Naomi Novik's Uprooted, from 2015, is just what you're looking for I think. It's too good a story for me to spoil the ending here, but I can tell you that no one gets hitched or has a baby.
posted by The Minotaur at 10:59 AM on April 13, 2016 [4 favorites]


The Ancillary books by Ann Leckie. The main character is a woman and I don't think she considers the idea of having children even once. She's also a completely fantastic stone cold badass whom I love to tiny pieces.

(She also ends up in a happy relationship that involves a person with a penis, although it's Complicated.)
posted by Narrative Priorities at 5:42 AM on April 14, 2016


The Legend of Korra might work.
posted by sneebler at 5:02 PM on April 17, 2016 [2 favorites]


I was just reading a YA fantasy series called Graceling. The main mood of it is about extraordinary people in this swords-kings-fantasy-realm, people with mind-reading type powers, and how creeped out everybody around them is, having to actually live with that. But there are 3 books, each with a young female protagonist, and while two of their stories end with serious relationships at the end of the book and one of those does eventually get married, none of them have kids, one chooses to take self-sterilization herbs, and the other has a permanent relationship that involves no marriage and no kids.

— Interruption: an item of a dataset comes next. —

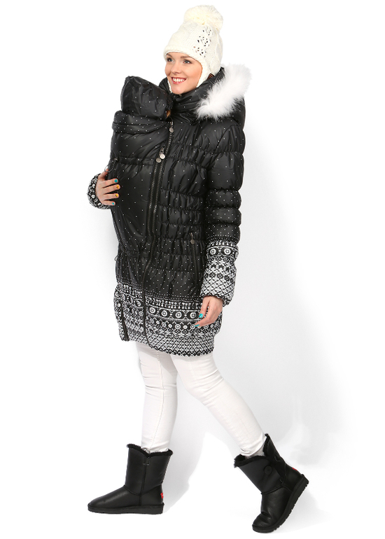 Надеюсь что поместится. У меня малыш планируется апрельский, если учесть что у нас зима начинается в октябре а заканчивается в марте, то ему будет где-то 7-11 месяцев. Должен поместится. Тем более что курточки длинненькие выбираю, короткие не рассматриваю вообще.
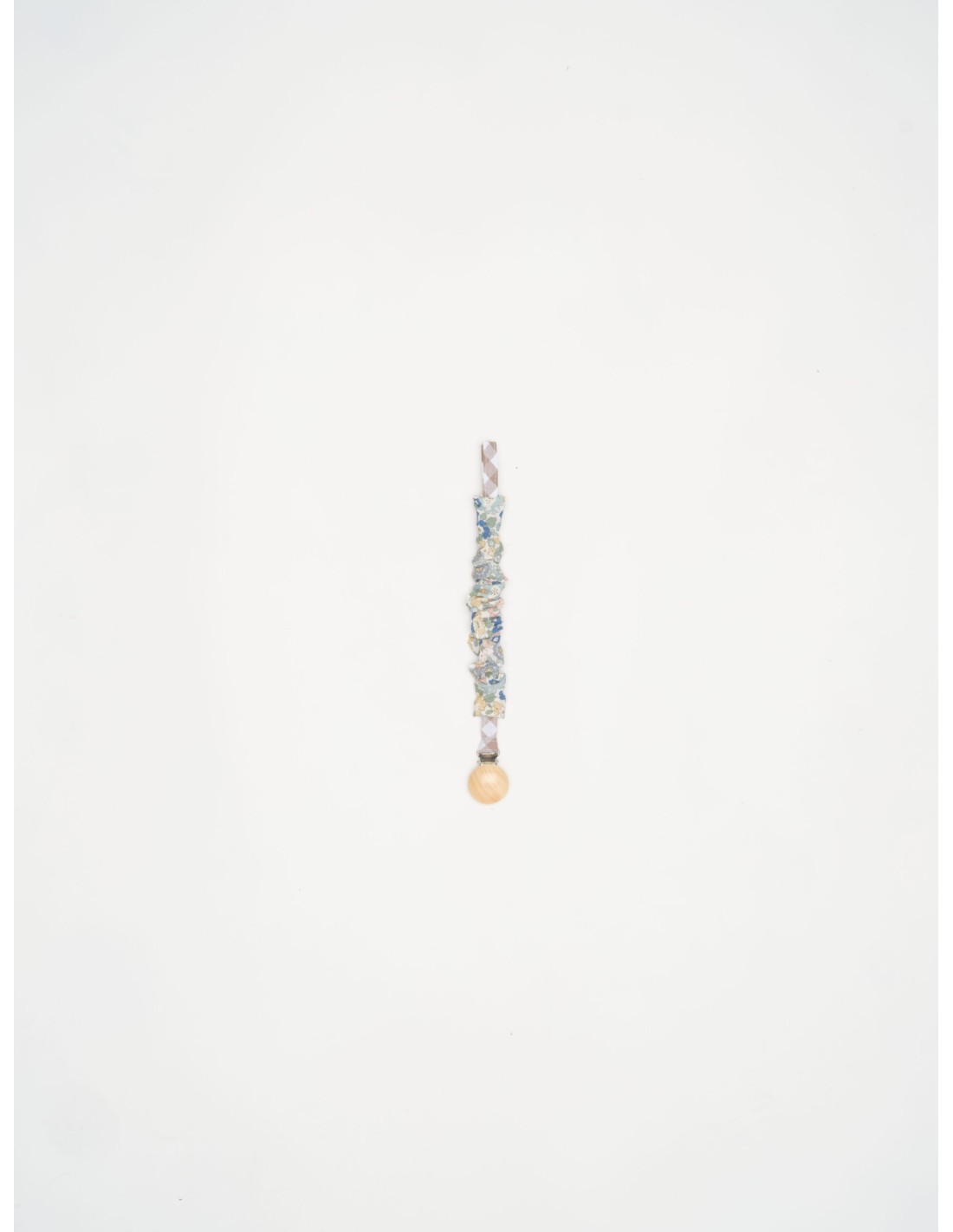 Chupetero confeccionado en tejido de algodón con un clip de madera natural. Súper practico para tener siempre el chupete cerca de tu bebé.

A couple of pregnancies during the stories, but really no overtones of the family unit and babies as the emotional one true path to happiness.
posted by aimedwander at 11:57 AM on April 19, 2016 [1 favorite]


Oh I just remembered, the Starhawk and Sunwolf series by Barbara Hamby is fantastic. The two mercenaries become romantically involved but never have kids.
posted by WalkerWestridge at 6:01 AM on April 30, 2016


I'm back to this thread with another recommendation: Eligible by Curtis Sittenfeld. The issue of not wanting children is explicitly addressed, the two main characters are committed to not having children (though a secondary character does want children and this is a big part of that character's plotline).
posted by Ziggy500 at 6:34 AM on April 30, 2016


Terry Pratchett's Tiffany Aching series is awesome.